"""
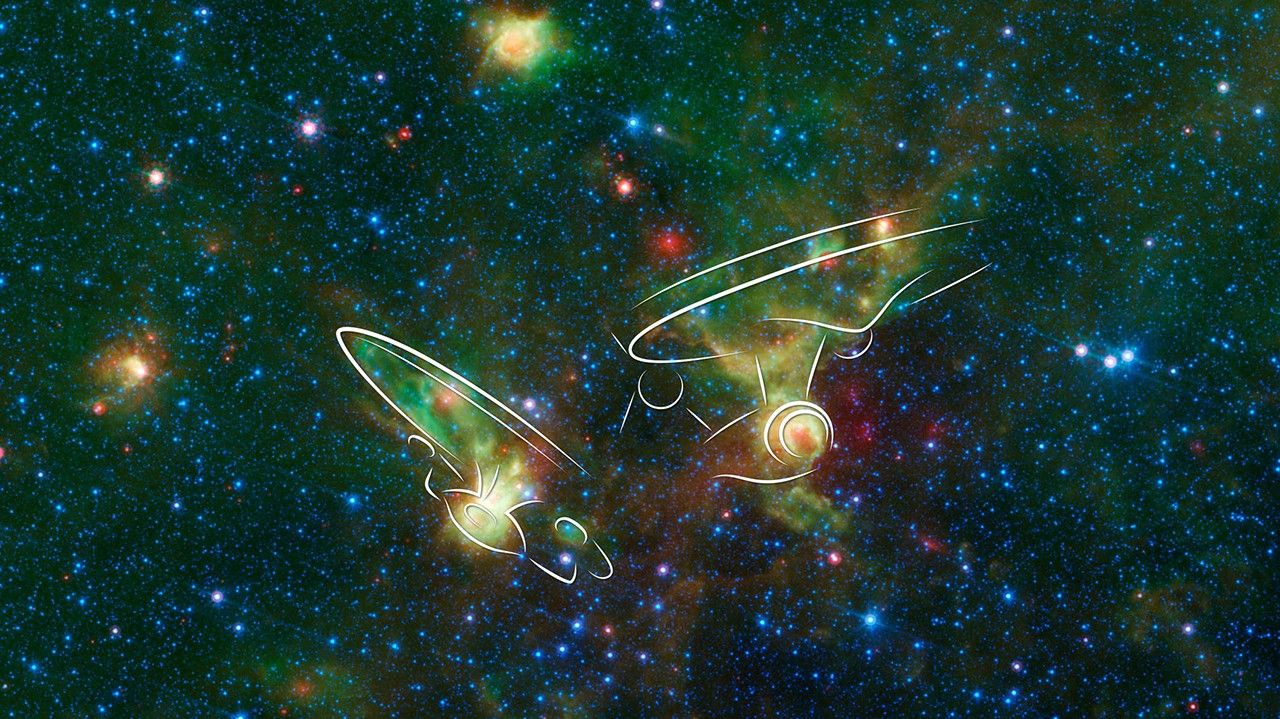 Just in time for the 50th anniversary of the TV series "Star Trek," which first aired September 8th,1966, this infrared image from NASA's Spitzer Space Telescope may remind fans of the historic show. Just as one might see the shapes of animals or other objects in clouds -- a phenomenon called pareidolia -- iconic starships from the series may seem to emerge in these nebulae./
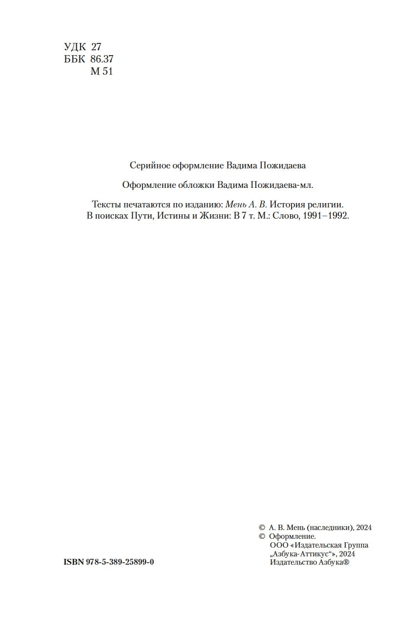 Книга "Истоки религии" (1970) открывает авторскую серию "В поисках Пути, Истины и Жизни", посвященную предыстории христианства, поискам Бога. Написанная христианином, она тем не менее ориентирована на самую широкую читательскую аудиторию, заинтересованную в непредвзятом отношении к религиозной традиции. Обширные знания, доступность изложения, доверительный разговор с читателем – качества, благодаря которым труд Александра Меня и сегодня не утрачивает актуальности.
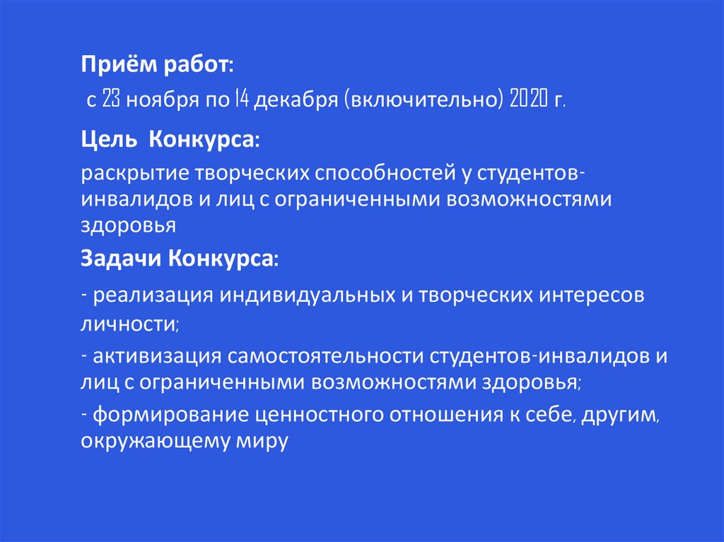 Приём работ:с 23 ноября по 14 декабря (включительно) 2020 г.
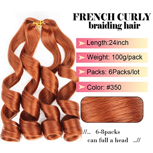 Ginger French Curl Braiding Hair 24 Inch Soft Ginger Braiding Hair Pre Stretched Loose Wave Bouncy 100g/pack Yaki Crochet Hair for Black Women Hair Extensions for Braids (#350)
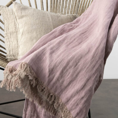 Das Wende-Plaid aus Leinen-Baumwollmix ist beidseitig verwendbar: Eine Seite ist lila mit rosa Schattierung, die andere braungrau. Mit Fransen an den kurzen Kanten. Weicher und fluffiger, vorgewaschener Plaid in zwei wunderschönen Farben: tolle und praktische Geschenkidee.
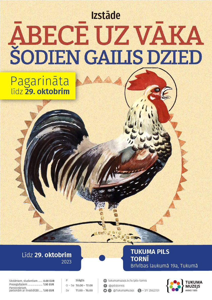 Līdz 29. oktobrim pagarināta Tukuma Pils torņa izstāde “Ābecē uz vāka šodien gailis dzied”, kas ietverta ekspozīcijā “Savējo stāsti, ne svešo”.
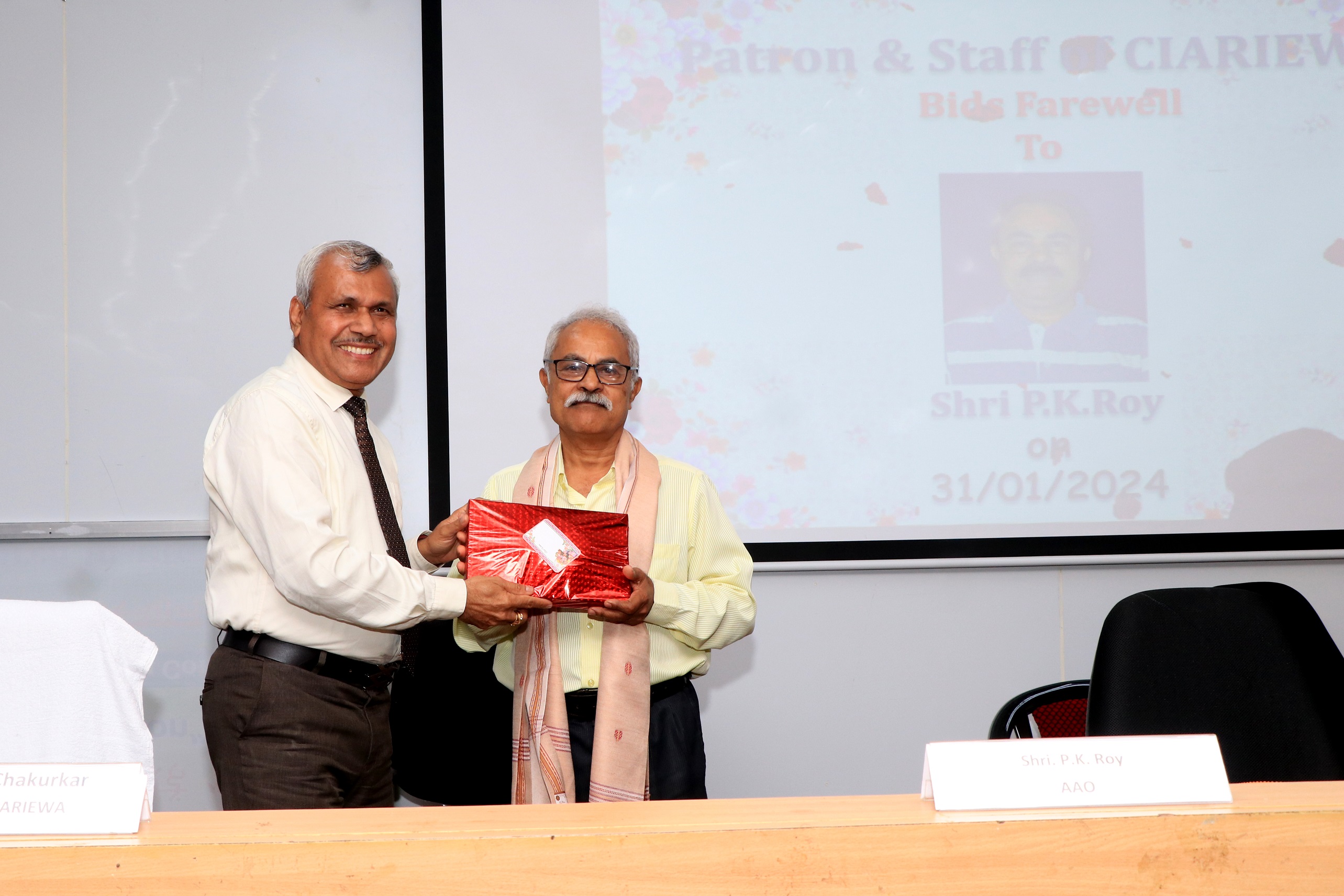 Dr. Eaknath B. Chakurkar, Director and Patron, CIARIEWA in his presidential address expressed placed on record the seminal services of Shri P.K. Roy, AAO. He suggested to spend quality time by exercising his talent towards practicing yoga, healthy lifestyle, income tax consultant etc. and be active in his new area of service. He concluded his speech by asking him to teach the juniors on the nitty gritty of office procedure for enhancing the work performance. He was honoured with a shawl and memento by the Patron, CIARIEWA on the occasion.
"""
(Problem details): The answer should match the material exactly, with every picture removed.

(Response area):
 Just in time for the 50th anniversary of the TV series "Star Trek," which first aired September 8th,1966, this infrared image from NASA's Spitzer Space Telescope may remind fans of the historic show. Just as one might see the shapes of animals or other objects in clouds -- a phenomenon called pareidolia -- iconic starships from the series may seem to emerge in these nebulae./
 Книга "Истоки религии" (1970) открывает авторскую серию "В поисках Пути, Истины и Жизни", посвященную предыстории христианства, поискам Бога. Написанная христианином, она тем не менее ориентирована на самую широкую читательскую аудиторию, заинтересованную в непредвзятом отношении к религиозной традиции. Обширные знания, доступность изложения, доверительный разговор с читателем – качества, благодаря которым труд Александра Меня и сегодня не утрачивает актуальности.
 Приём работ:с 23 ноября по 14 декабря (включительно) 2020 г.
 Ginger French Curl Braiding Hair 24 Inch Soft Ginger Braiding Hair Pre Stretched Loose Wave Bouncy 100g/pack Yaki Crochet Hair for Black Women Hair Extensions for Braids (#350)
 Das Wende-Plaid aus Leinen-Baumwollmix ist beidseitig verwendbar: Eine Seite ist lila mit rosa Schattierung, die andere braungrau. Mit Fransen an den kurzen Kanten. Weicher und fluffiger, vorgewaschener Plaid in zwei wunderschönen Farben: tolle und praktische Geschenkidee.
 Līdz 29. oktobrim pagarināta Tukuma Pils torņa izstāde “Ābecē uz vāka šodien gailis dzied”, kas ietverta ekspozīcijā “Savējo stāsti, ne svešo”.
 Dr. Eaknath B. Chakurkar, Director and Patron, CIARIEWA in his presidential address expressed placed on record the seminal services of Shri P.K. Roy, AAO. He suggested to spend quality time by exercising his talent towards practicing yoga, healthy lifestyle, income tax consultant etc. and be active in his new area of service. He concluded his speech by asking him to teach the juniors on the nitty gritty of office procedure for enhancing the work performance. He was honoured with a shawl and memento by the Patron, CIARIEWA on the occasion.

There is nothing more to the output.